INFORMATION SUPPLIED
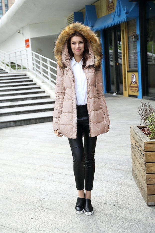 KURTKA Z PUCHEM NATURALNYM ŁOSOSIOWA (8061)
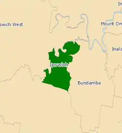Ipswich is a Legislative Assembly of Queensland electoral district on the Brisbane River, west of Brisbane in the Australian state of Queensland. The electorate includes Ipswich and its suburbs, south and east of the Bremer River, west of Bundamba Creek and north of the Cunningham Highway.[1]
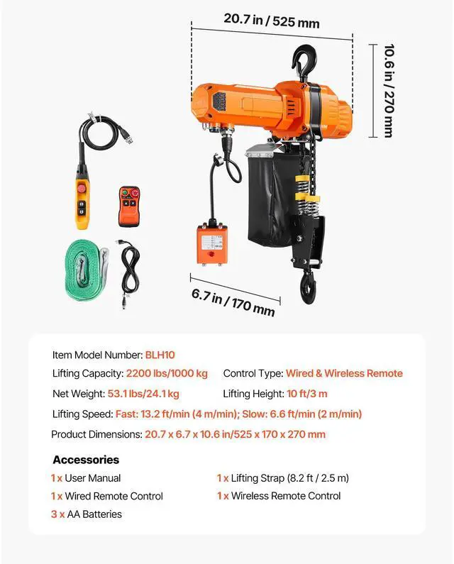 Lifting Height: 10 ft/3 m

ABOUT THIS EXERCISE
Reproduce exactly, and only, the lines that begin at the one containing "Ipswich is a" and end with the final line of the data, both included, while omitting every picture.

FINAL ANSWER
Ipswich is a Legislative Assembly of Queensland electoral district on the Brisbane River, west of Brisbane in the Australian state of Queensland. The electorate includes Ipswich and its suburbs, south and east of the Bremer River, west of Bundamba Creek and north of the Cunningham Highway.[1]
 Lifting Height: 10 ft/3 m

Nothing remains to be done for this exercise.